Volume II: Filmography
a.k.a. THE PROBLEM OF THE SEALED BOX
July 20, 1914 (Monday)
Length: 2 reels (reels 9 and 10)
ARTICLE, The New Rochelle Pioneer, June 25, 1914:
"At the Bottom of the Sea, the fifth episode in the great Million Dollar Mystery, will, of course, be the headliner at Loew's Theatre, as far as the photoplays are concerned, for the first three days of the coming week. The great serial, filled with daring exploits and hairbreadth escapes is responsible for filling the popular playhouse at every performance, while the usual variety of vaudeville keeps the audience amused between times.
"A synopsis of the coming episode is told as follows: The Countess plans a cunning scheme. This causes Florence to despair. Jones, learning of it, secretly removes from its hiding place a tin box labeled 'Sid Hargreave' [sic]. Cautiously, he steals away with it, hires a swift motor boat and starts out to sea. The band's spy sees Jones remove the box. After losing sight of him, the spy, joined by Braine, traces him, hires a speeding motor boat and locates him desperately trying to bury the box on a nearby lonely island. They frustrate this plan, pursue him, and in a whirlwind chase close up with him.

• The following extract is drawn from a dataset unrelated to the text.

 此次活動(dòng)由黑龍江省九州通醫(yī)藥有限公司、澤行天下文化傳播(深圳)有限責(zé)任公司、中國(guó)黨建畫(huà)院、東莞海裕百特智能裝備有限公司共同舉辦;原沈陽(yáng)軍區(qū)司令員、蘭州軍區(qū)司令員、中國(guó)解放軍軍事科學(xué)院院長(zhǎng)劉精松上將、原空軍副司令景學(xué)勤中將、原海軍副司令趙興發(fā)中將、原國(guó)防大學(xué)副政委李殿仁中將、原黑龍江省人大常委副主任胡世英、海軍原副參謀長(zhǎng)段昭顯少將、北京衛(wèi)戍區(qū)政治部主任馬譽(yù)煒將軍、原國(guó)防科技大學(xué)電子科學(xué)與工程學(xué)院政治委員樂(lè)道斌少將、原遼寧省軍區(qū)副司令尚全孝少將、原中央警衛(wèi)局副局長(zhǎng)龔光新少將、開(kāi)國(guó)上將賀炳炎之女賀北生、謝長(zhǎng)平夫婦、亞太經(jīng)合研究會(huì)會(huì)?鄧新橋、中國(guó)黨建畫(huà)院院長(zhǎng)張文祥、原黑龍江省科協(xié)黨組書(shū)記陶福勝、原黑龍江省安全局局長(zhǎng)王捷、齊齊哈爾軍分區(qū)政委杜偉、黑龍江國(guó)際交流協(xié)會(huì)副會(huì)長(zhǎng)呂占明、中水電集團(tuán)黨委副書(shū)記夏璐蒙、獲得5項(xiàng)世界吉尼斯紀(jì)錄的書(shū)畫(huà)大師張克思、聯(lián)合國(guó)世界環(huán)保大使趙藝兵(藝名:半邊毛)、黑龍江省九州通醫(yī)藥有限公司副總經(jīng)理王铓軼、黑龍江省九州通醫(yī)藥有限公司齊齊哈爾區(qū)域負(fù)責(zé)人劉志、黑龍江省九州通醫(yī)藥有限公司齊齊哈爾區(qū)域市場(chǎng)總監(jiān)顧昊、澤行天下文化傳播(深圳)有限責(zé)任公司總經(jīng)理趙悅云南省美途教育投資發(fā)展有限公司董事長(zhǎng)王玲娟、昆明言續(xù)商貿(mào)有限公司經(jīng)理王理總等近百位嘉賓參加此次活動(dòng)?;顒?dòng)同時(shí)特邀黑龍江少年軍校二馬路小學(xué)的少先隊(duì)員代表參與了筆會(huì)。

The scene ends with the pursuing motor boat a mass of flames, the pursuers struggling in the sea, Jones speeding away safely and the box, still unopened, at the bottom of the sea."

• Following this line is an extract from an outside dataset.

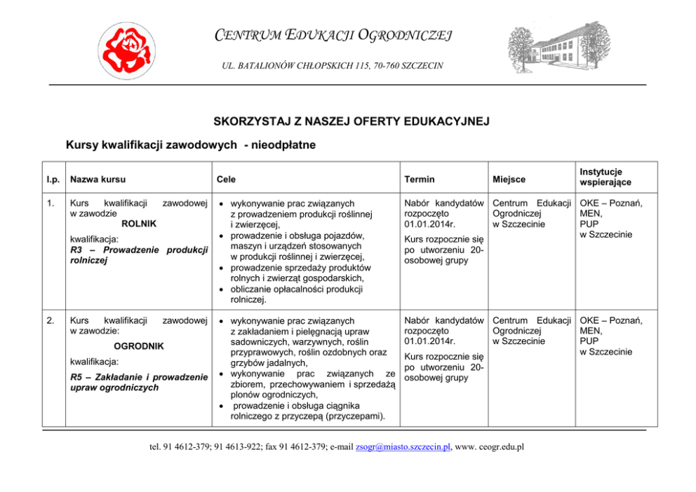 CENTRUM EDUKACJI OGRODNICZEJ UL. BATALIONÓW CHŁOPSKICH 115, 70-760 SZCZECIN SKORZYSTAJ Z NASZEJ OFERTY EDUKACYJNEJ Kursy kwalifikacji zawodowych - nieodpłatne Nazwa kursu Cele Termin 1. Kurs kwalifikacji zawodowej w zawodzie ROLNIK wykonywanie prac związanych z prowadzeniem produkcji roślinnej i zwierzęcej, prowadzenie i obsługa pojazdów, maszyn i urządzeń stosowanych w produkcji roślinnej i zwierzęcej, prowadzenie sprzedaży produktów rolnych i zwierząt gospodarskich, obliczanie opłacalności produkcji rolniczej. Nabór kandydatów Centrum Edukacji OKE – Poznań, rozpoczęto Ogrodniczej MEN, 01.01.2014r. w Szczecinie PUP w Szczecinie Kurs rozpocznie się po utworzeniu 20osobowej grupy wykonywanie prac związanych z zakładaniem i pielęgnacją upraw sadowniczych, warzywnych, roślin przyprawowych, roślin ozdobnych oraz grzybów jadalnych, wykonywanie prac związanych ze zbiorem, przechowywaniem i sprzedażą plonów ogrodniczych, prowadzenie i obsługa ciągnika rolniczego z przyczepą (przyczepami). Nabór kandydatów Centrum Edukacji OKE – Poznań, rozpoczęto Ogrodniczej MEN, 01.01.2014r. w Szczecinie PUP w Szczecinie Kurs rozpocznie się po utworzeniu 20osobowej grupy kwalifikacja: R3 – Prowadzenie produkcji rolniczej 2. Kurs kwalifikacji w zawodzie: zawodowej OGRODNIK kwalifikacja: R5 – Zakładanie i prowadzenie upraw ogrodniczych Miejsce Instytucje wspierające l.p. tel. 91 4612-379; 91 4613-922; fax 91 4612-379; e-mail [email protected], www. ceogr.edu.pl CENTRUM EDUKACJI OGRODNICZEJ UL. BATALIONÓW CHŁOPSKICH 115, 70-760 SZCZECIN 3. Kurs kwalifikacji w zawodzie: zawodowej TECHNIK OGRODNIK Kwalifikacja: R 18 – Planowanie i organizacja prac ogrodniczych (dla kandydatów posiadających kwalifikację R5) planowanie i wykonywanie prac związanych z zakładaniem, pielęgnacją upraw ogrodniczych oraz zbiorem, przechowywaniem produktów ogrodniczych, przygotowaniem do sprzedaży i sprzedażą produktów ogrodniczych, prowadzenie i obsługa ciągnika rolniczego z przyczepą (przyczepami), planowanie i zakładanie terenów zieleni, projektowanie i wykonywanie dekoracji roślinnych. Nabór kandydatów Centrum Edukacji OKE – Poznań, rozpoczęto Ogrodniczej MEN, 01.01.2014r. w Szczecinie PUP w Szczecinie. Kurs rozpocznie się po utworzeniu 20osobowej grupy tel. 91 4612-379; 91 4613-922; fax 91 4612-379; e-mail [email protected], www. ceogr.edu.pl CENTRUM EDUKACJI OGRODNICZEJ UL. BATALIONÓW CHŁOPSKICH 115, 70-760 SZCZECIN Kursy kompetencji zawodowych - odpłatne Miejsce Instytucje wspierające l.p. Nazwa kursu Cele Termin 1. Kurs florystyczny stopnia pierwszego - część teoretyczna – 25 godzin - część praktyczna – 80 godzin wykonywanie dekoracji roślinnych ślubnych, żałobnych, okolicznościowych, projektowanie florystyki komercyjnej szeroko rozumianej. Kurs rozpocznie Centrum Edukacji MEN, się po utworzeniu Ogrodniczej ZUT w Szczecinie 15-osobowej grupy w Szczecinie 2. Kurs projektowania terenów zieleni - część teoretyczna – 110 godzin - część praktyczna – 70 godzin Kurs rozpocznie Centrum Edukacji MEN, nabycie nowych umiejętności się po utworzeniu Ogrodniczej ZUT w Szczecinie zawodowych z zakresu architektury 15-osobowej grupy w Szczecinie krajobrazu, pogłębienie wiedzy botanicznej, ogrodniczej i projektowej, zagospodarowanie zielenią wybranego terenu. 3. Kurs z zakresu nauki szczepienia i okulizacji roślin - część teoretyczna – 10 godzin - część praktyczna – 11 godzin poznanie metod i technik szczepienia i okulizacji, ochrona, pielęgnacja i nawożenie okulantów i szczepów w pierwszym i drugim roku produkcji. Kurs rozpocznie Centrum Edukacji się po utworzeniu Ogrodniczej 20-osobowej grupy w Szczecinie OFERUJEMY UPRAWNIENIA, KTÓRYCH INNI CI NIE DADZĄ tel. 91 4612-379; 91 4613-922; fax 91 4612-379; e-mail [email protected], www. ceogr.edu.pl CENTRUM EDUKACJI OGRODNICZEJ UL. BATALIONÓW CHŁOPSKICH 115, 70-760 SZCZECIN Kursy i szkolenia - odpłatne l.p. Nazwa kursu Cele Termin Miejsce 1. Kurs prawa jazdy kategorii B uzyskanie dodatkowych uprawnień wrzesień 2013r. - Centrum Edukacji WORD i kwalifikacji zawodowych niezbędnych na czerwiec 2014r. Ogrodniczej w Szczecinie rynku pracy w Szczecinie 2. Kurs prawa jazdy kategorii T uzyskanie dodatkowych uprawnień wrzesień 2013r. – Centrum Edukacji WORD i kwalifikacji zawodowych niezbędnych na czerwiec 2014r. Ogrodniczej w Szczecinie rynku pracy w Szczecinie 3. Szkolenie z zakresu stosowania uzyskanie dodatkowych uprawnień nabór kandydatów Centrum Edukacji WIORiN środków ochrony roślin sprzętem i kwalifikacji zawodowych niezbędnych na od 01.01.2014r., Ogrodniczej w Koszalinie naziemnym rynku pracy kurs rozpocznie się w Szczecinie po utworzeniu 25-osobowej grupy NIE CZEKAJ - PRZYJDŹ - ZOBACZ - ZOSTAŃ tel. 91 4612-379; 91 4613-922; fax 91 4612-379; e-mail [email protected], www. ceogr.edu.pl Instytucje wspierające

ARTICLE, Reel Life, June 27, 1914:
"Albert C. Froome, who for several years headed the bill at the New York Hippodrome, has joined the Thanhouser forces. He is famous in the theatrical profession for his dare-devil stunts and absolute fearlessness. His work in The Million Dollar Mystery will carry many of the thrills of the big production. Recently, he starred in a scene in which a racing motor boat was set on fire and then destroyed by an explosion. In a racing boat there is precious little room for passengers. When the fire broke out Mr. Froome was surrounded immediately by the flames, but he went right on with the action. Just as the boat was blown in pieces by the explosion, Mr. Froome leaped into the water, his clothes ablaze - a bit of realism which had not appeared in the scenario. Frank Farrington also made the leap with him.
"Life guards and passing steamers began signaling, and the America's Cup defender, 'Vanitie,' stood by, her crew ready to lower a small boat to the rescue. But Director Howell Hansel passed word that it was not a marine accident, and Mr. Froome and Mr. Farrington clambered aboard the Thanhouser launch, jubilant, and ready to do it all over again."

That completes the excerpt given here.